Ivo Vegter's climate change denialism


This was published by The Daily Maverick in response to a column by Ivo Vegter. He has expressed his noxious views before. He has since  responded with a nasty ad hominem attack and a few valid points.

Vegter is no maverick

David Le Page and Eduard Grebe

Ivo Vegter has jumped on the public disclosure of emails taken from a hacked server at the University of East Anglia’s Climatic Research Unit, suggesting that it vindicates those who argue that “alarmism about athropogenic global warming was at least distorted, and probably an outright fraud”. It does no such thing.

Vegter concedes his own vested interests in the “climate change debate” when he worries that “a veritable fountain of subject matter will dry up”. After all, one who writes for “the Daily Maverick” has a professional interest in being contrarian. But peddling dangerous nonsense based on distortion and vague innuendo is surely not the work of a true maverick.

Clearly, he has not picked through the (massive) archive himself. Nor have we, in detail. But nothing that has been published reveals any attempt to manufacture evidence, much less a conspiracy of the scale that Vegter’s suggestion of “outright fraud” demands. For if he and his fellow sceptics are correct, and global warming is a “fraud”, then it would have to involve not just Vegter’s “close-knit group”, but also the no less than 2500 scientists who contributed to the Fourth Assessment Report of the Intergovernmental Panel on Climate Change, and countless others in literally hundreds of universities and research institutes.

Instead, the archive seems to hold merely a catalog of vanities and mostly petty errors proving only that climate scientists are mortal humans with mortal failings. The attacks by climate sceptics, which have largely relied on taking quotes out of context and distorting the meaning of their authors, actually reveal more about the methods of climate change denial than about climate science. Some of the scientists who appear in the emails have attempted to provide context and explain the quotes that have been most widely cited. But this is all rather besides the point, since even if some of them have acted questionably, this does not discredit the vast body of evidence built up over decades of research (and subjected to both peer review and public scrutiny).

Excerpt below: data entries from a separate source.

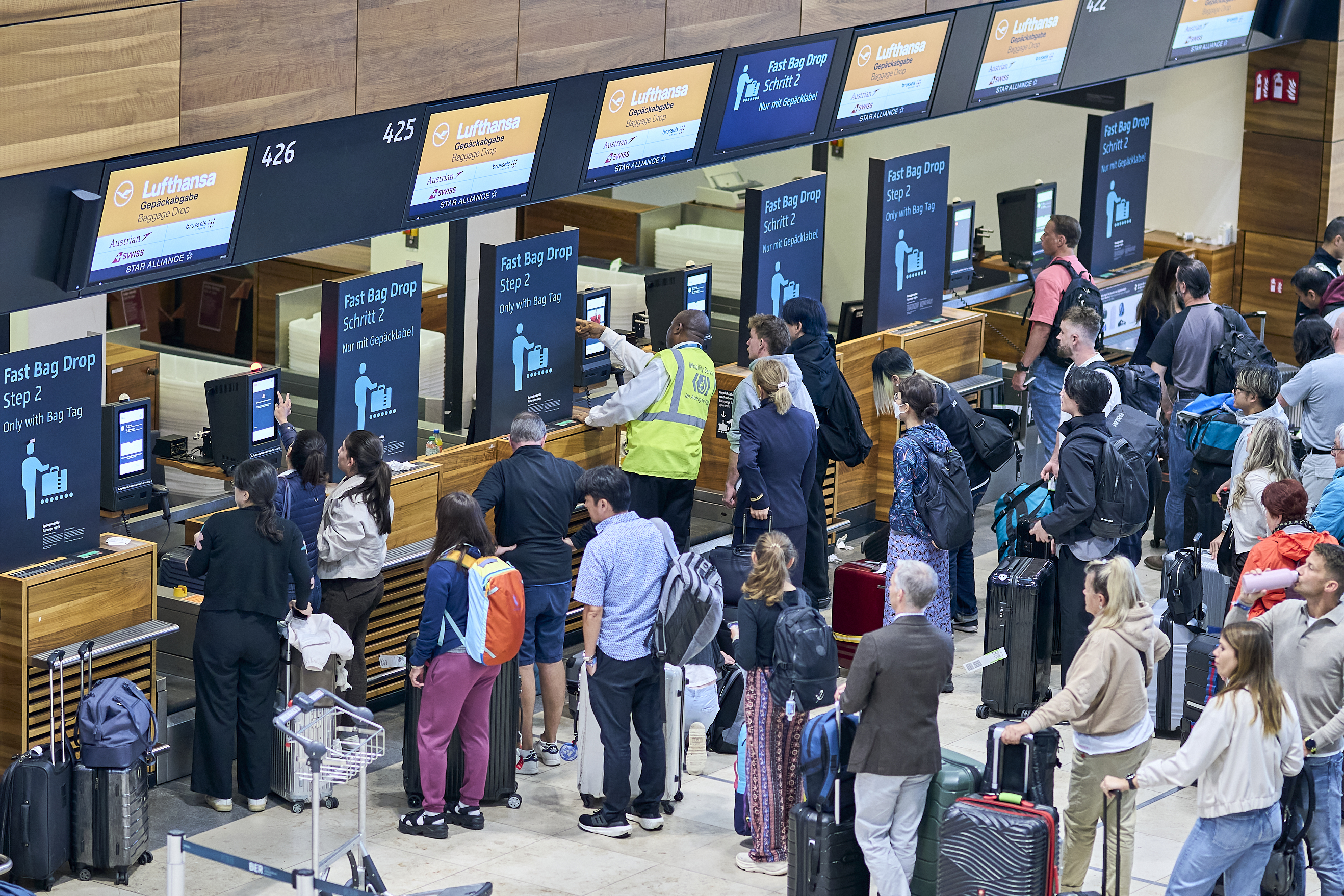 Já o aeroporto de Berlim segue sem ter os sistemas de check-in restaurados, e relata atrasos superiores a uma hora em partidas.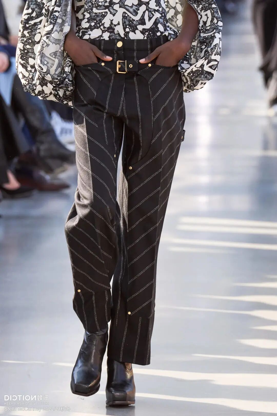 合身连体裤、工装裤都带有一部分的解构元素的应用。其中腿部裁片元素的设计作为一种解构结构的设计手法提供了很好的例子,在维持整体品牌调性的情况下,不失充满新意的设计感。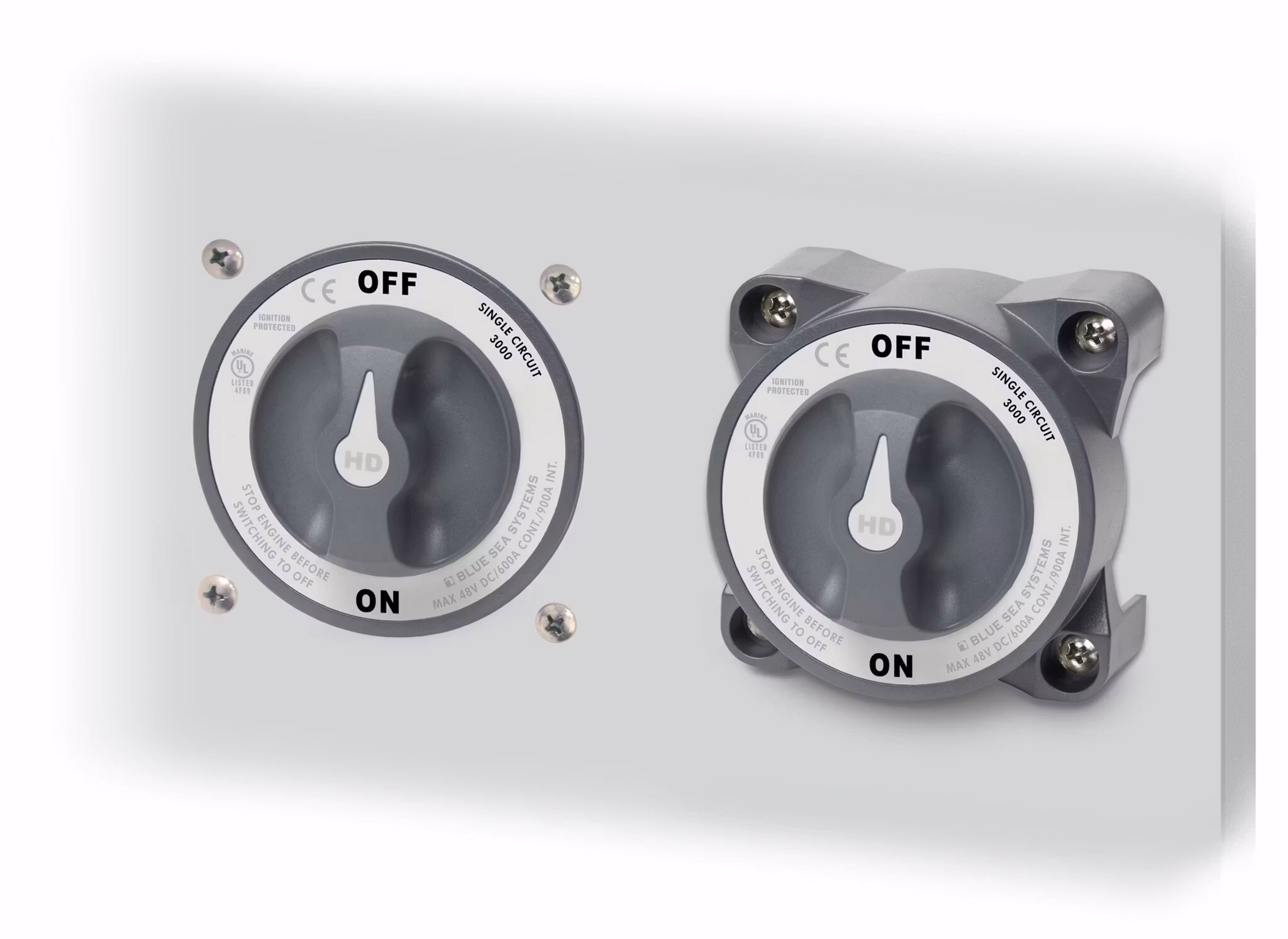BLUE SEA SYSTEMS 3000B, är en huvudbrytare i Heavy Duty serien för 1 batteri med 2 positioner (On-Off).
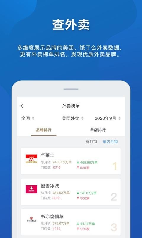 窄门餐眼,志在减少餐饮信息不对称、不及时、不准确和低效率获取的问题,希望成为餐饮人、投资人、供应商、加盟商、管理者、意向创业者的决策指南针。下一个蜜雪冰城、喜茶会是谁?茶百道全国每月的外卖销售情况?海底捞的每月开店速度、分布情况是什么?广州、上海哪里的门店更多,竞争更激烈?用窄门餐眼,通通都知道。

Never pausing to question the timing of this hack, mere days before the beginnings of what many believe are the most important negotiations in human history in Copenhagen, Vegter tells us that these revelations will prick “the bubble of hot air promoted by a close-knit group of prominent climate scientists”. But far from being “close-knit”, there are and always have been furious debates and disagreements within this huge science community over the precise nature, extent and pace of global warming and its effects – as the archive itself reveals. But on the basic science of global warming, including that it is caused by human activity, there is no real disagreement.

So Vegter clearly has a poor understanding of how real science works – and of the scientific method, or he would not refer to the likes of Viscount Monckton or Lord Lawson as “peer reviewers”. Peer reviewers, in climate science, need to be qualified climate scientists, specialists in the fields in which they review the work of others. Monckton and Lamont are neither of them scientists of any description, and between them, have never published a single piece of original peer-reviewed science in a reputable journal. Being exemplary upper-class twits does not make them peer reviewers, only peers.

Most of the organisations working to refute the climate science consensus are linked to conservative political organisations in the US. Many have been and are still funded by big oil: BP and Shell openly contribute funds to the American Petroleum Institute, which lobbies against climate change legislation. Most of the scientists who deny the human contribution to climate change are not, in fact, climate scientists.

Vegter also repeats the tired old suggestion that we should distrust predictions of global warming because of some predictions made in the 1970s of global cooling. Of course, he neglects to mention that those predictions were made in just seven papers by scientists who later changed their minds – as real scientists often do – and joined the overwhelming and comparatively massive consensus – thousands of papers – that now chart existing, and predict further, global warming. (Also see this debunking of the “global cooling myth” on RealClimate.)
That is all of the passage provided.